*SUPPLIED MATERIAL*:
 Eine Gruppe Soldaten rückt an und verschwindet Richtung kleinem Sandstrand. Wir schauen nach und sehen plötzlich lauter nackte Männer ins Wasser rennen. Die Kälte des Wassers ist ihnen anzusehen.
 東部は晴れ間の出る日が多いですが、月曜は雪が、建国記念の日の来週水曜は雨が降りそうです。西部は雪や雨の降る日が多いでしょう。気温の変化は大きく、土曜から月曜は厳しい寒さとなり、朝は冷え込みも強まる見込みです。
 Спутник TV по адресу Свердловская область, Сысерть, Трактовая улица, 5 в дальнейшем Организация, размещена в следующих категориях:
...
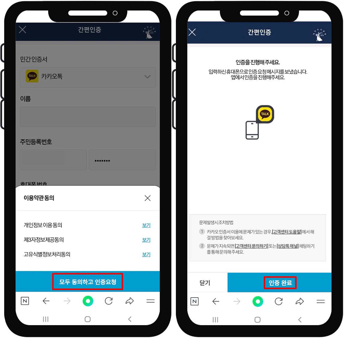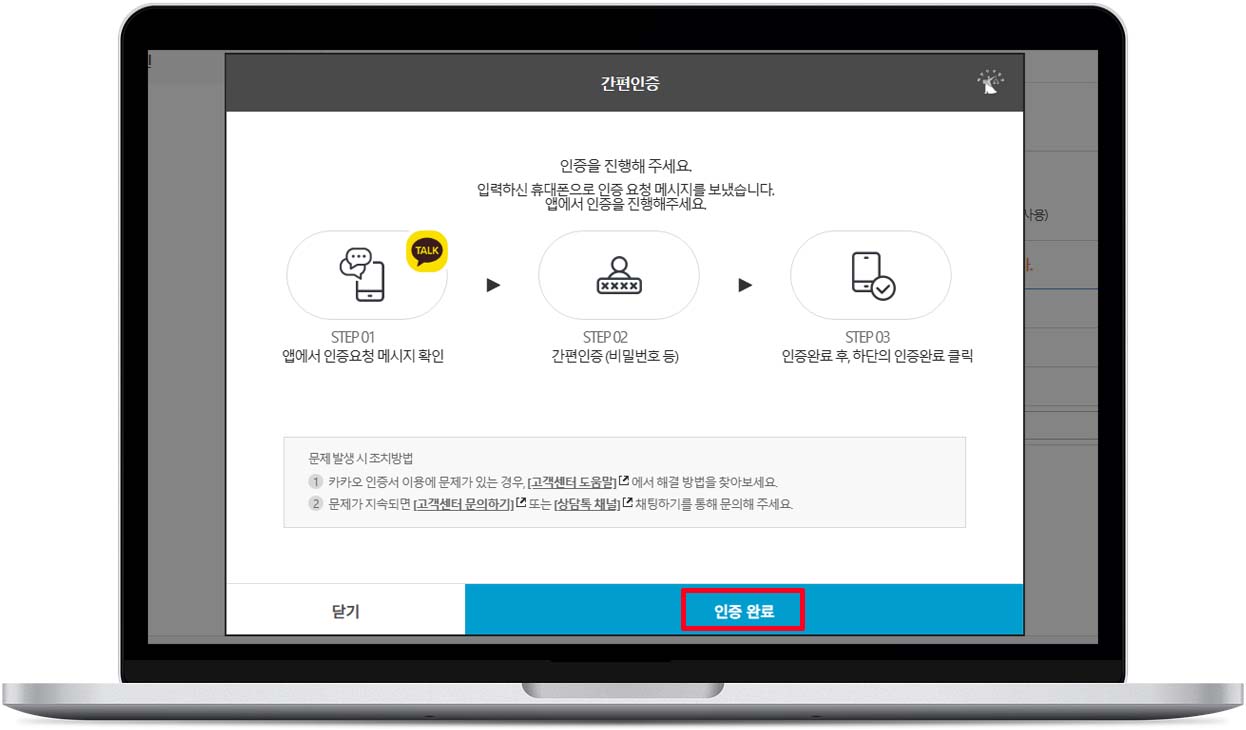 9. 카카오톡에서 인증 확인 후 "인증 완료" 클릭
...
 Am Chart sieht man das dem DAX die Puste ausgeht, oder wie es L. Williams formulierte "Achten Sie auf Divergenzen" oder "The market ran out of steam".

*DESCRIPTION OF THE TASK*:
Reproduce exactly the lines above from the line with "Eine Gruppe Soldaten" to the line with "Спутник TV по", including both, and add nothing.

*ANSWER SECTION*:
 Eine Gruppe Soldaten rückt an und verschwindet Richtung kleinem Sandstrand. Wir schauen nach und sehen plötzlich lauter nackte Männer ins Wasser rennen. Die Kälte des Wassers ist ihnen anzusehen.
 東部は晴れ間の出る日が多いですが、月曜は雪が、建国記念の日の来週水曜は雨が降りそうです。西部は雪や雨の降る日が多いでしょう。気温の変化は大きく、土曜から月曜は厳しい寒さとなり、朝は冷え込みも強まる見込みです。
 Спутник TV по адресу Свердловская область, Сысерть, Трактовая улица, 5 в дальнейшем Организация, размещена в следующих категориях:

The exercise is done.